Born to Greek parents in Wellington, 38-year old IT project manager Stelios Kavaleros lived in Greece in the mid-2000s.

"It took me about a year to get used to the system in Greece," he says, "which is very different from the way we carry out our everyday affairs in New Zealand.

"I tried to avoid anything that was bureaucracy-heavy as a minor job such as withdrawing money from the bank could take an entire morning."

Voutsinos says living in Wellington has made him appreciate the simplicity of the New Zealand system.

"Recently I did my New Zealand tax return and it took me one afternoon. In Greece, your tax return is due in June and you usually start working on it the December before."

And while the public sector has been blamed for exacerbating Greece's crisis, Voutsinos says any change in the way civil servants are treated would be anathema to them.

"For New Zealanders the dream is owning your own home, for Greeks, it's a cushy job in the public sector," he says, "once you're in, you can't get fired for any reason."

Kavaleros thinks the austerity measures are not completely fair.

"While my friends accept change has to come, they don't think that all the austerity measures are equitable.

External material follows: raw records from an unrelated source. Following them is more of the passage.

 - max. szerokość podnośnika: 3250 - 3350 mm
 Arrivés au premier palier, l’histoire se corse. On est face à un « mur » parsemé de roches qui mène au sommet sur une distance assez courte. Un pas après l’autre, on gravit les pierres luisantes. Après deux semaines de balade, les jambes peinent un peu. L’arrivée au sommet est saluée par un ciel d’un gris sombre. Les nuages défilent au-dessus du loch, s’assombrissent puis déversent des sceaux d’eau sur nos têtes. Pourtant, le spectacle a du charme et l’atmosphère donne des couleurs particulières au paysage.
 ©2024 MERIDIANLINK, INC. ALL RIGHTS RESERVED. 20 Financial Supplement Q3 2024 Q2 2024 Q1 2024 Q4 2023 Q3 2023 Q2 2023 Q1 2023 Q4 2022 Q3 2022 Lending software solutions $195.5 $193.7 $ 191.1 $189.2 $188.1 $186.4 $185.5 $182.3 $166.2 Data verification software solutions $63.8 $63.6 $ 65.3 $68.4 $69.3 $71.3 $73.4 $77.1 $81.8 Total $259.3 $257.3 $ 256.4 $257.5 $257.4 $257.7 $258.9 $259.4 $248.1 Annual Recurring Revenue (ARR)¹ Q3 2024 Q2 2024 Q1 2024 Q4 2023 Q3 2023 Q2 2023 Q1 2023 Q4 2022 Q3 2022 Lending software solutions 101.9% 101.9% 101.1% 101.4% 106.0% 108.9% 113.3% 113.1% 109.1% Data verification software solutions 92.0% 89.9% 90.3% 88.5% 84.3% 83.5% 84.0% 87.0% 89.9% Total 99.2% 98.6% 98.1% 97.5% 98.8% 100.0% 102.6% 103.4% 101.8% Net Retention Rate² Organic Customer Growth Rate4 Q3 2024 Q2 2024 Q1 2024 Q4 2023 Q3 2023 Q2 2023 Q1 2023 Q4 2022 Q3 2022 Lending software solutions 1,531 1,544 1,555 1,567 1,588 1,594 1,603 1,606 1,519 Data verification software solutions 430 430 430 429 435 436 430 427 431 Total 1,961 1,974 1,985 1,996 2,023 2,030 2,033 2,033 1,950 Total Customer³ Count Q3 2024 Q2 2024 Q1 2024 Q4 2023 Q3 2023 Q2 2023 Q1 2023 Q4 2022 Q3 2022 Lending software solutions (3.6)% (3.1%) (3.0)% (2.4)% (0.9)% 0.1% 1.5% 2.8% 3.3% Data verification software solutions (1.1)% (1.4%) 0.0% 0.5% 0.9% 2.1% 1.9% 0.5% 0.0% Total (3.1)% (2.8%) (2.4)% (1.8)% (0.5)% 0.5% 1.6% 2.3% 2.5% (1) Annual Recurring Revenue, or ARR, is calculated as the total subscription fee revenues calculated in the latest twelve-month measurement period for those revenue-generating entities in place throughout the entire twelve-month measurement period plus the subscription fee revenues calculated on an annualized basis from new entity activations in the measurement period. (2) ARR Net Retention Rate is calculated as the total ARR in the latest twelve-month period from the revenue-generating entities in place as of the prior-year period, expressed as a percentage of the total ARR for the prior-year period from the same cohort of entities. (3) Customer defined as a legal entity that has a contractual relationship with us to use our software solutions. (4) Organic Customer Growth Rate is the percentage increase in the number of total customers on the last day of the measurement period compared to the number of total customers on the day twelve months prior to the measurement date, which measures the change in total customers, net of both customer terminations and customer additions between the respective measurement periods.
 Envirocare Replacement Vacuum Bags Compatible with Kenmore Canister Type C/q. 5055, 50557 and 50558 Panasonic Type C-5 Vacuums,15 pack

"For example, targeting low income earners by lowering the minimum wage is unfair on them but could benefit large organisations, some [of] which are internationally owned," he says.

And Voutsinos says the austerity measures are misdirected.

"When people see pensioners' income dropping by 30 per cent and the minimum wage is down, yet the public sector employs 200 per cent more people than it needs, that's when there's outrage," he says. "Because there is so much tax evasion, the austerity measures target freelancers and pensioners because they are the easiest people to tax."

Greece has already received more than $170 billion in bailout money and many austerity measures.

"In practice, Greece has accepted the measures, they are paying more tax and most people have seen real income go down 30 to 40 per cent," says Voutsinos.

Family and friends in Greece have all been affected by the crisis, particularly those who own businesses.

"We have friends who have seen a huge change, all small businesses in Greece have been decimated," Voutsinos says.

"Life has remained very familial, my friends in their 30s are being forced to live with their parents, people in our age group have 35 per cent unemployment right now and that is amazingly understating it."

Kavaleros adds that immigrants in Greece are also suffering.

"There are a million illegal immigrants in Greece.

"Now there is a crisis they want to leave, but they can't afford to go home for one reason or another and the only way to survive is through crime and now crime is increasing and becoming more violent," he says.

Not only is there crime within the immigrant community, violent attacks against them have reportedly been blamed on the far-right political party, Golden Dawn.

Kavaleros and Voutsinos have mixed emotions about the upcoming election and what it will mean for the country.

"If we default on our debt now, it will be unbelievably difficult", Voutsinos says, "but Greece is in two camps, some want change and some just want the status quo. If you're used to a generous early pension, free education, free healthcare and pharmaceuticals, there is going to be friction if it is taken away."

Kavaleros is sceptical about the bailout plan.

"Bailout after bailout with tough austerity measures could impoverish the country for the next 20 years," he says.

But Voutsinos believes Greece will get through.

"It is a tragedy, but it is also a golden opportunity to root out what has caused this."